[DATA SUPPLIED Boundary: Start]
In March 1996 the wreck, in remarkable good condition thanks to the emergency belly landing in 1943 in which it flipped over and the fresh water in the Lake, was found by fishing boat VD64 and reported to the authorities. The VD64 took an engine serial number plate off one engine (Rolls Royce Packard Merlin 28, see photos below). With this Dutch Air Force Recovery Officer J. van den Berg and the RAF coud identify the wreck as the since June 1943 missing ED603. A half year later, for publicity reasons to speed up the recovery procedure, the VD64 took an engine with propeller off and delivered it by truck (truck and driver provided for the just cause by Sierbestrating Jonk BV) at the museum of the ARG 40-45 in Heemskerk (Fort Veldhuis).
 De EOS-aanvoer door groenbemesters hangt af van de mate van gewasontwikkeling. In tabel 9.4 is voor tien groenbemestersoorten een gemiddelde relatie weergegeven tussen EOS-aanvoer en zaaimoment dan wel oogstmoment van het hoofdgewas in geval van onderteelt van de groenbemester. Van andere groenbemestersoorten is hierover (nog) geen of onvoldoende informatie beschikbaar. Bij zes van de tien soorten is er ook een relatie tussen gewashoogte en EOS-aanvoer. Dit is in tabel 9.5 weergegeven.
[DATA SUPPLIED Boundary: End]
[DATA SUPPLIED Boundary: Start]
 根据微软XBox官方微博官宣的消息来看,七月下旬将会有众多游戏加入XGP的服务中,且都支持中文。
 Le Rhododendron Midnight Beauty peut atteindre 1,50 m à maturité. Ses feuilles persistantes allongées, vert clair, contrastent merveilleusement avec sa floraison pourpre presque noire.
[DATA SUPPLIED Boundary: End]
## YOUR GOAL
Extract from the listing above the lines between the line containing "In March 1996" and the line containing "De EOS-aanvoer door", keeping both of those lines. Output nothing else.

## WRITTEN ANSWER
In March 1996 the wreck, in remarkable good condition thanks to the emergency belly landing in 1943 in which it flipped over and the fresh water in the Lake, was found by fishing boat VD64 and reported to the authorities. The VD64 took an engine serial number plate off one engine (Rolls Royce Packard Merlin 28, see photos below). With this Dutch Air Force Recovery Officer J. van den Berg and the RAF coud identify the wreck as the since June 1943 missing ED603. A half year later, for publicity reasons to speed up the recovery procedure, the VD64 took an engine with propeller off and delivered it by truck (truck and driver provided for the just cause by Sierbestrating Jonk BV) at the museum of the ARG 40-45 in Heemskerk (Fort Veldhuis).
 De EOS-aanvoer door groenbemesters hangt af van de mate van gewasontwikkeling. In tabel 9.4 is voor tien groenbemestersoorten een gemiddelde relatie weergegeven tussen EOS-aanvoer en zaaimoment dan wel oogstmoment van het hoofdgewas in geval van onderteelt van de groenbemester. Van andere groenbemestersoorten is hierover (nog) geen of onvoldoende informatie beschikbaar. Bij zes van de tien soorten is er ook een relatie tussen gewashoogte en EOS-aanvoer. Dit is in tabel 9.5 weergegeven.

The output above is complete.